# Thread: show ring isomorphism

1. ## show ring isomorphism

Let $R$ be a ring and $M$ an $R$-module.
$Hom_R(R,M)$ is the set of $R$-homomorphisms from $R$ to $M$.
Define $\phi: Hom_R(R,M) \rightarrow M$ by $\phi(f)=f(1)$. Show $\phi$ is a ring isomorphism.
I know how to show it is a homomorphism and one-to-one, but having trouble with onto. Can I get some help?

2. Originally Posted by dori1123
Let $R$ be a ring and $M$ an $R$-module.
$Hom_R(R,M)$ is the set of $R$-homomorphisms from $R$ to $M$.
Define $\phi: Hom_R(R,M) \rightarrow M$ by $\phi(f)=f(1)$. Show $\phi$ is a ring isomorphism (R-module isomorphism ?).
I know how to show it is a homomorphism and one-to-one, but having trouble with onto. Can I get some help?
Your M seems to be a unitary R-module from your question because f(1) is defined.

I think it is difficult to deduce that $\phi$ is onto by using a $\phi$ alone.

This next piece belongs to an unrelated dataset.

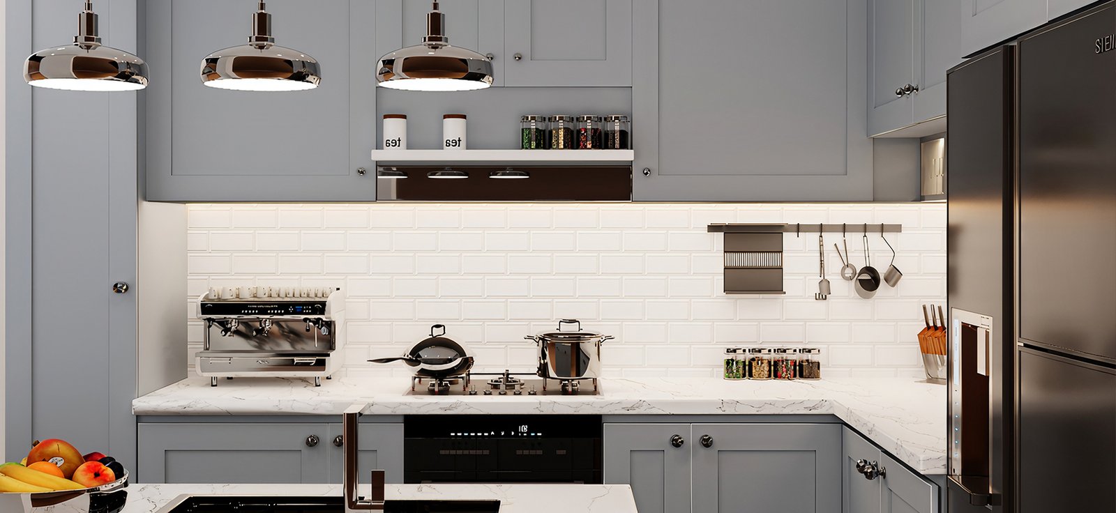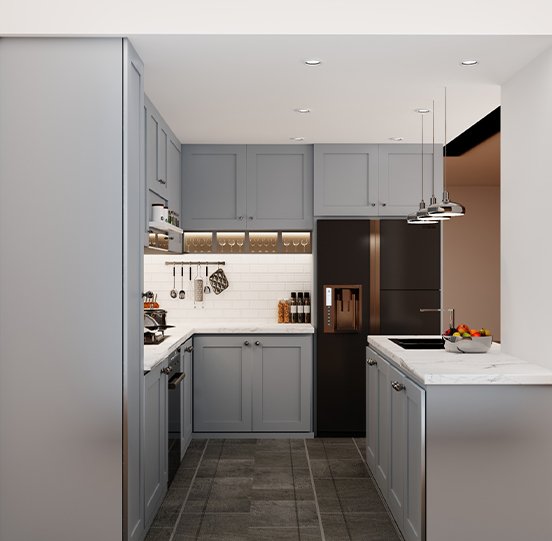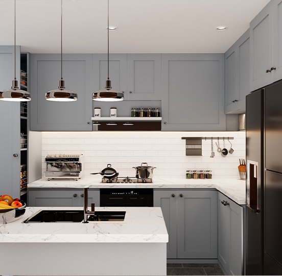 The Tehreen kitchen is a masterclass in monochromatic elegance. Designed around a refined palette of white, grey, and black, the space achieves a look that is simultaneously bold and serene, where crisp white surfaces bring light and openness, grey tones add depth and sophistication, and black accents deliver a sharp, contemporary edge. Every element was selected with precision: handleless cabinetry for a clean, uninterrupted silhouette, premium worktops that balance beauty with everyday durability, and lighting positioned to animate the kitchen's striking tonal contrasts. The result is a kitchen that feels as good to cook in as it does to simply be in.

Rather, define a map $\psi:M \rightarrow Hom_R(R,M)$ given by $m \mapsto f_m$, where $f_m(r) = rm$.

Suppose $m_1 = m_2$ ( $m_1, m_2 \in M)$. Then, $\psi(m_1) = f_{m_{1}}=f_{m_{2}}=\psi(m_2)$, because $f_{m_{1}}(r)=rm_1=rm_2=f_{m_{2}}(r)$. Thus $\psi$ is well-defined. I'll leave it to you to show that $\psi$ is an R-module homomorphism.

Then $\phi\psi=1_M$ and $\psi\phi=1_{Hom_{R}(R,M)}$ (verify this).

3. Just to show that given any element x in M, you can construct a well-defined R-homomorphism f from R to M such that f(1)=x. The $f_m$ function that aliceinwonderland constructed is exactly demonstrating this idea.